You might fear looking difficult or high-maintenance or like you’re not a team player. Sometimes that fear is rational because some interviewers will hold it against you, especially when there are dozens of others just like you waiting for a their shot.

So you make trade-offs instead.

You accept a role for the prestige, the money, the learning opportunity or because it’s a “two-year tour of duty” that gets you a logo on your CV that potentially opens other doors.

Those choices are not wrong. They’re strategic and sometimes necessary for the long game. I’ve made similar ones myself.

The mistake here is pretending that culture doesn’t matter while it quietly erodes you, telling yourself you can handle anything for two years when your nervous system is keeping the score.

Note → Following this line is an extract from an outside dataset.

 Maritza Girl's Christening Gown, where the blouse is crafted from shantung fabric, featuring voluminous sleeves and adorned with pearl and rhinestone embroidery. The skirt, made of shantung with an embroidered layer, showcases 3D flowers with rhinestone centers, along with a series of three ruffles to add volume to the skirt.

This is where your gut feeling becomes data.

Pay attention to how interviews feel, not just what is said but how it is said.

Do people interrupt each other or talk over each other? Do leaders actually listen or are they performing listening while clearly waiting for their turn to talk?

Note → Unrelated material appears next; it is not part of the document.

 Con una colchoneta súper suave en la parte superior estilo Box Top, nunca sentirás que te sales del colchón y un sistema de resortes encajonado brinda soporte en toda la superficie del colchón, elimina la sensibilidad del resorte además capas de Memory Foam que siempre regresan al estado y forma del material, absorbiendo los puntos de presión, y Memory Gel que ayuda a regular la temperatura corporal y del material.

Do they talk about former employees with respect or is there subtle blame and dismissiveness? Do they get defensive when you ask about feedback mechanisms or professional development support?

Red flags rarely announce themselves loudly. They whisper. Dismissive jokes that aren’t quite jokes. Vague answers about why the last person left.

Overemphasis on resilience and grit and thriving in “fast-paced environments” or being “like a family” which often translates to “we will burn you out and call it character building and loyalty”.

Notice what they don’t say as much as what they do. No single signal proves anything but patterns certainly do.

Three people all mentioning high turnover in casual conversation. Two references who are enthusiastic about the work but noticeably quiet about the leadership. An interviewer who talks about work-life balance but emails you at 10pm. Your body knows things your brain tries to rationalise away.

At some point you still have to make a choice

You weigh what you know against what you need and you take a calculated risk.

You step forward and if you land on a culture landmine, please remember that you’re not trapped there forever.

Probation periods exist for a reason and they protect you as much as they protect the employer. Leaving is allowed, even if it feels destabilising or like failure. It’s not failure to protect yourself from a situation that’s harming you. Keep that little ‘eff you’ emergency money fund topped up as much as you can so you have flexibility.

The goal here is not perfection or finding the mythical perfect workplace where nothing ever goes wrong.

The goal is informed consent. Eyes open, expectations calibrated and strong boundaries intact from day one. You know what you’re walking into and you’ve decided the tradeoff is worth it for specific reasons that make sense to you.

This is the work I wish I’d understood earlier in my career.

I learned it by stepping on every landmine myself, by staying too long in situations that damaged me, by meeting brilliant leaders and deeply unskilled ones and seeing the full spectrum of what’s possible out there without some sort of external standard or leadership licence.

Companies manage narratives because that’s what companies do but it is their people that live the reality. The gap between those two things is where harm happens, quietly and consistently, to people who were taught they were supposed to just tough it out because it’s “better the devil you know”.

If leaders and organisations refuse to do better, we share information instead. We compare notes. We protect each other as best we can. We make the invisible visible. That’s what a Career Big Sis does anyway - not because I have all the answers but because I’ve made enough mistakes to know which questions really matter.

If there are other parts of the corporate landscape that you want me to ungatekeep, DM me.

Nothing changes when everyone stays quiet and too many people are suffering in silence because they think it’s just them or that they’re “not cut out for this”.

Life is too short, your nervous system matters and your career is not a prison sentence.